I’m learning Clojure and I’m wondering why my application is consuming so much
memory and not releasing it once it’s done using those data structures. I
imagine that there is something in Clojure that I don’t know about that is
making the application hold onto some stuff by mistake.
It’s a simple thumbnailing app. It takes images from a directory, resizes
them and puts them into another directory. It uses the javax.imageio and
java.awt.image libraries.
(def thumb "path to thumbnails directory")
(defn get-thumb-filename [thumb-dir filename width]
(str thumb-dir (fs/name filename) "_" width ".jpg"))
(defn get-thumb-filename-100 [filename]
(get-thumb-filename thumb filename 100))
(defn small-thumbnail [filename]
(make-thumbnail filename (get-thumb-filename-100 filename) 100))
(defn make-thumbnail [filename new-filename width]
(let [img (javax.imageio.ImageIO/read (as-file filename))
imgtype (java.awt.image.BufferedImage/TYPE_INT_ARGB)
width (min (.getWidth img) width)
height (* (/ width (.getWidth img)) (.getHeight img))
simg (java.awt.image.BufferedImage. width height imgtype)
g (.createGraphics simg)]
(.drawImage g img 0 0 width height nil)
(.dispose g)
(javax.imageio.ImageIO/write simg "png" (as-file new-filename))))
;; `images` is a list of original filenames
;; Kick it off with...
(pmap small-thumbnail images)
This code is part of a Noir view, meaning that the application doesn’t exit
after the processing of all images is finished.

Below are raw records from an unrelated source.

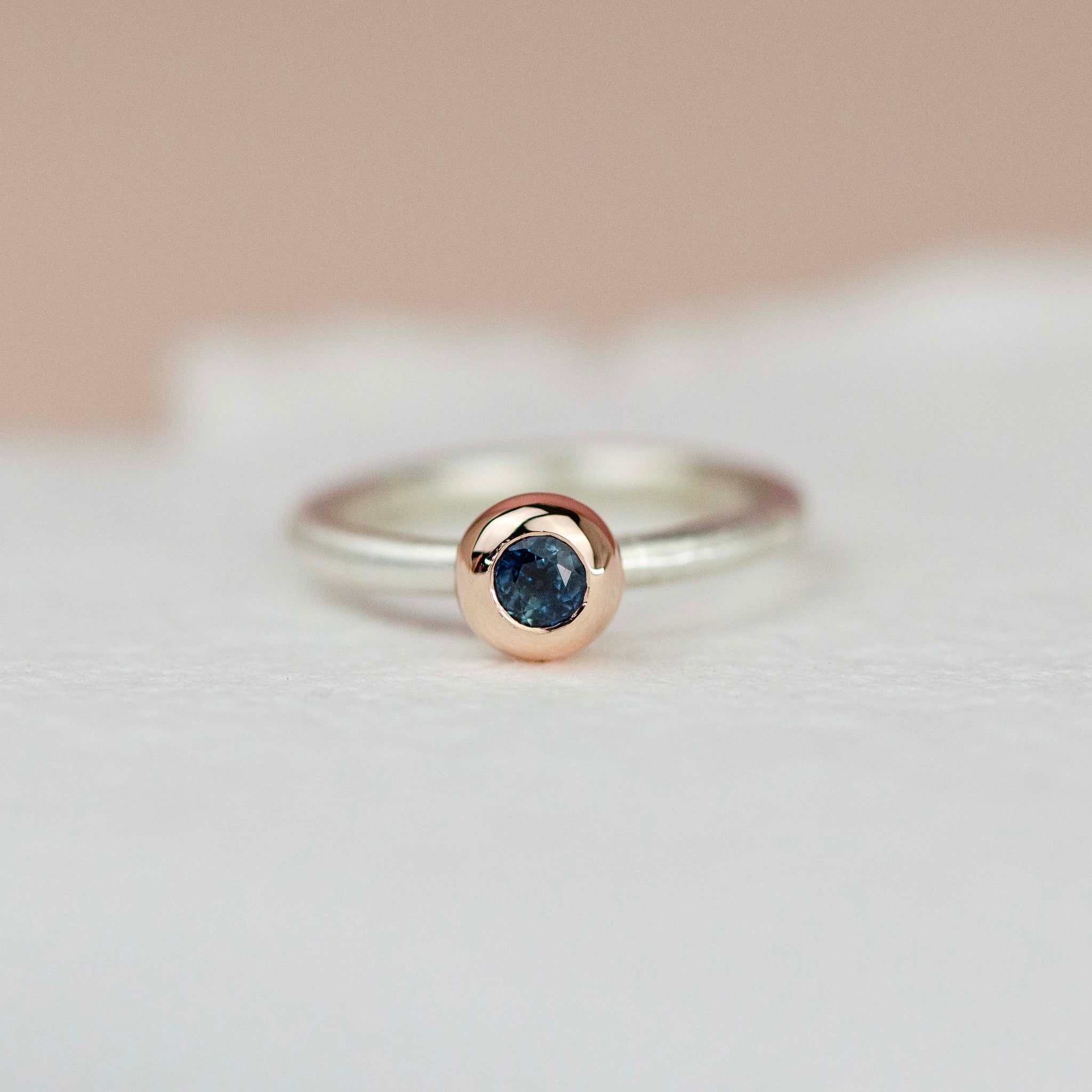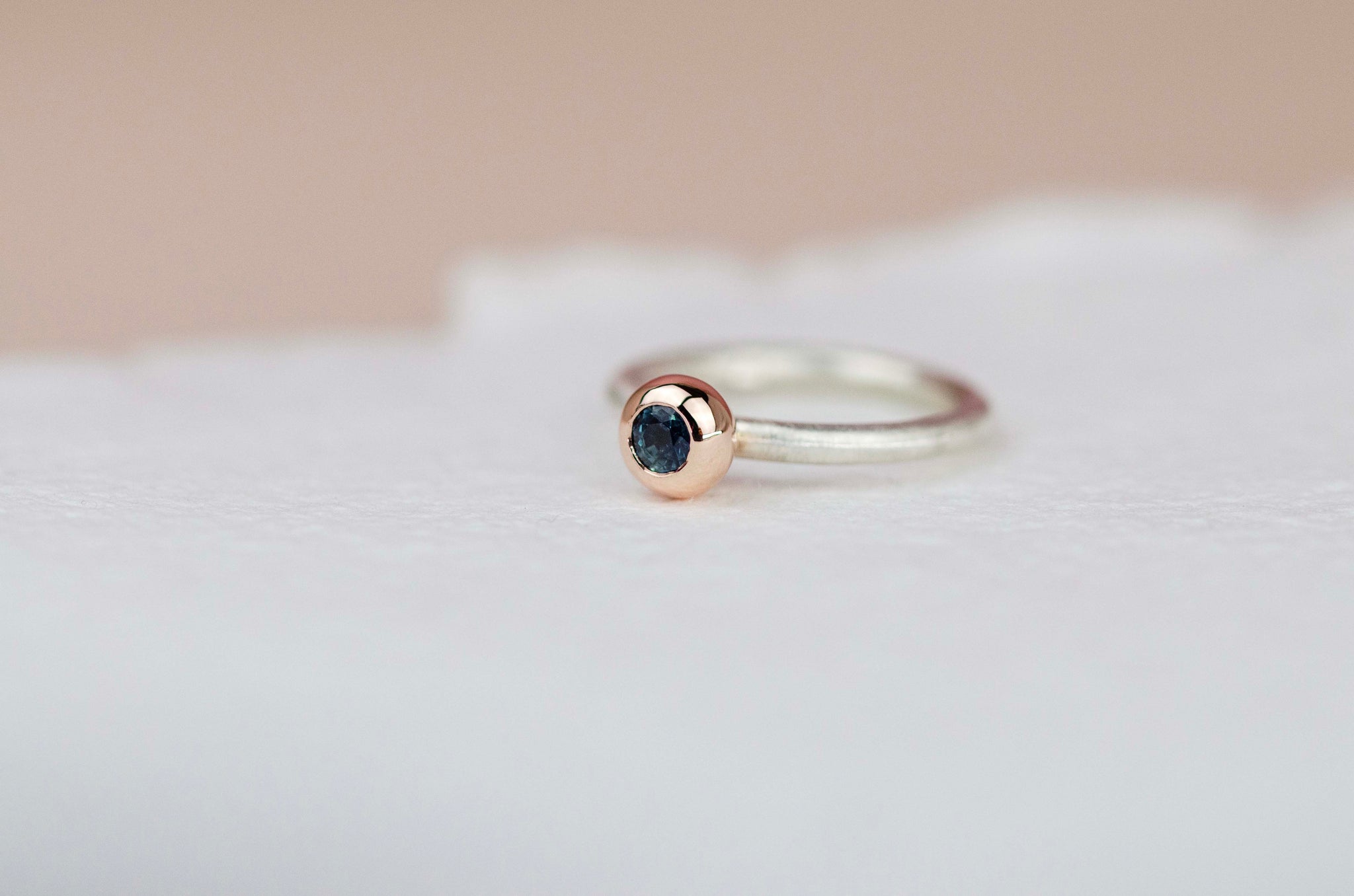Az ezüst - arany ORIGO S gyűrűk, 925 finomságú ezüstből készültek és cca. 3,5 mm átmérőjű drágakő díszíti a 14 karátos arany foglalatot.
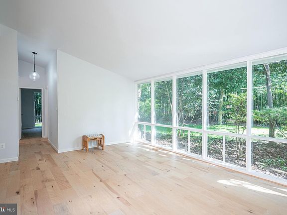 Expanded and newly renovated rare Charles Goodman-designed mid-century modern with walls of glass on premier, corner lot in Hammond Wood. Private urban oasis with mature growth with room on lot to further expand. Open, airy design with walls of glass connect inside and out. 3 bedrooms and 2 full bathrooms plus large den/bonus room that opens to secluded deck. High-end kitchen with Miele and Bosch stainless steel appliances. Open living-dining with cathedral ceilings, original wood paneling and Goodman’s signature large end-wall fireplace. New engineered wood flooring throughout. In spring, the mature azaleas burst with color. The lot also features dogwoods, Japanese maple and hemlock trees. Goodman was a visionary architect who left an enduring mark on American architecture. Goodman’s architectural style was heavily influenced by the modernist movement, which was gaining momentum in Europe during his formative years. He drew inspiration from European modernists like Le Corbusier and Walter Gropius, as well as the emerging Bauhaus movement. These influences can be seen in his commitment to simplicity, functionality, and a rejection of unnecessary ornamentation. Hammond Wood is a National Register of Historic Places-Designated neighborhood of 58 homes nestled in a tract of heavily wooded, rolling land. It is is located just north of Kensington and just over a mile from the Wheaton Metro (Red Line). A Ride On bus stop is just steps from the front door. The home is convenient to the restaurants, shopping and entertainment options in Wheaton, downtown Silver Spring, Rockville and Bethesda. NIH and the Navy Medical Center are just a few minutes away.
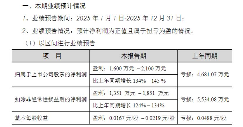 根据最新披露的业绩预告,公司预计2025年实现盈利1600万至2100万元,相比2024年亏损4681万,同比增幅达到134至145%。
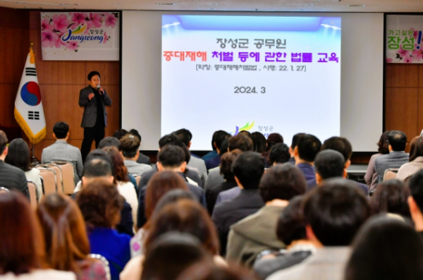 [남도저널 김종훈 기자] 장성군이 4일 군청 아카데미홀에서 군 공직자 대상 ‘중대재해처벌법의 이해와 대응방안’ 교육 시간을 가졌다. 3월 정례조회 이후 진행된 이번 강의는 ㈜인건설안전 마숭춘 대표가 맡았다.
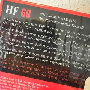 Sony Cassette Tapes 60 Min HF Normal Bias Type 1 Pack of 6 New Sealed
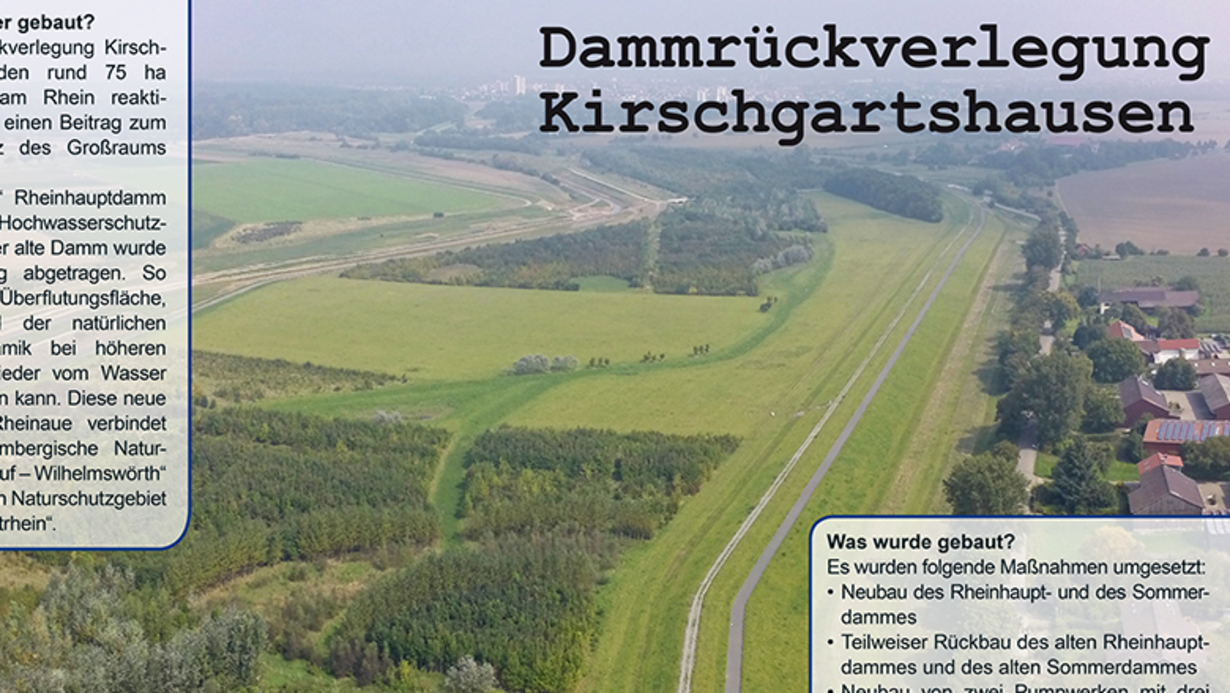 - Die Dammrückverlegung Kirschgartshausen verbessert lokal den Hochwasserschutz im Großraum Mannheim.
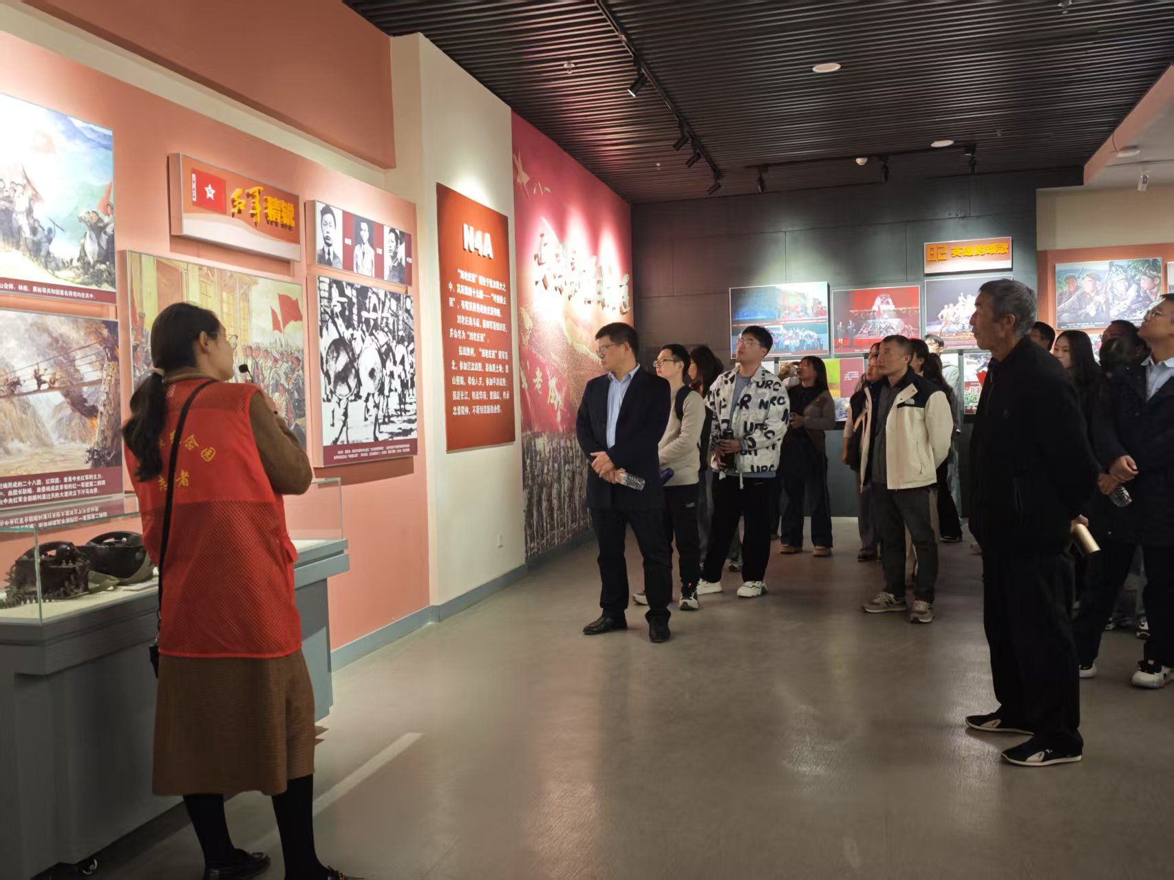 历史是最好的教科书,精神是永恒的接力棒。在讲解员的讲述中,师生们参观刘老庄纪念馆,重温那段峥嵘岁月,感悟先烈们革命的赤诚与信仰的坚定。“永远为了群众,永远依靠群众。”这是镌刻于八十二烈士纪念馆外墙壁上的一句话,全体师生党员带着敬畏之心踏入纪念馆,纪念馆分为四个展厅。馆内陈列的一件件珍贵文物、一幅幅生动图片、一段段感人文字,仿佛把大家带回了那个战火纷飞的年代。讲解员声情并茂地讲述着烈士们的英雄事迹,党员们认真聆听,不时驻足凝视。
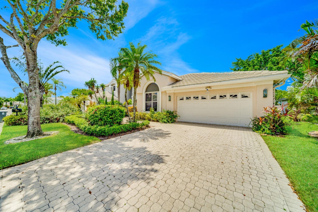 Dramatic entrance with 11 foot volume ceilings throughout & picturesque windows that flood the inside with natural light. Enjoy the sense of openness, volume, & space. Single story home in The Palms at Boca Pointe with over 2000 square feet of living space, and over 2400 total square feet, features 3 bedrooms, 2 baths, a 2 car garage, a huge sparkling swimming pool, & a tropical garden with a lot of greenery. Enjoy spectacular sunset views every evening with the west-facing backyard plus no rear facing neighbors. Move the party outside in this home which is perfect for entertaining or relaxing. Thrilling Outdoor space! French Baroque Marche solid engineered wood flooring throughout this home and tile in the bathrooms. Updated high-end gourmet kitchen features quartz counter tops
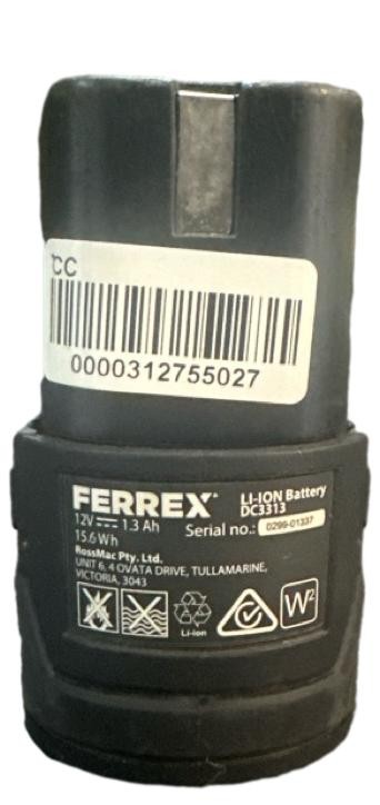 This FERREX DC3313 cordless tool battery has been well used but is still in working condition. It is compatible with a range of FERREX power tools, providing a reliable power source for your DIY and home improvement projects. With its compact design and long-lasting charge, this battery can help you tackle tasks efficiently and conveniently.

When I run this code, my computer starts going crazy. The fan gets loud and
the main java process uses over 1GB of memory. When all images are processed,
the CPU usage goes down to < 5% but the memory usage stays the same.
How can I make it release all of this memory that it clearly doesn’t need for
anything?
Thanks!
PS: Please let me know if you need me to fill in any details.
The JVM manages it’s own memory. Once it acquires memory from the operating system, it usually doesn’t give it back. (Or at least I’ve never seen Sun’s JVM do so, there might be some way to force it to…)
Anyhow, a simple way to see whether or not your program is actually leaking memory using tools that you’ve probably already got installed is to attach a JConsole to your JVM and just monitor the heap usage. Looking at Activity Monitor won’t tell you anything useful.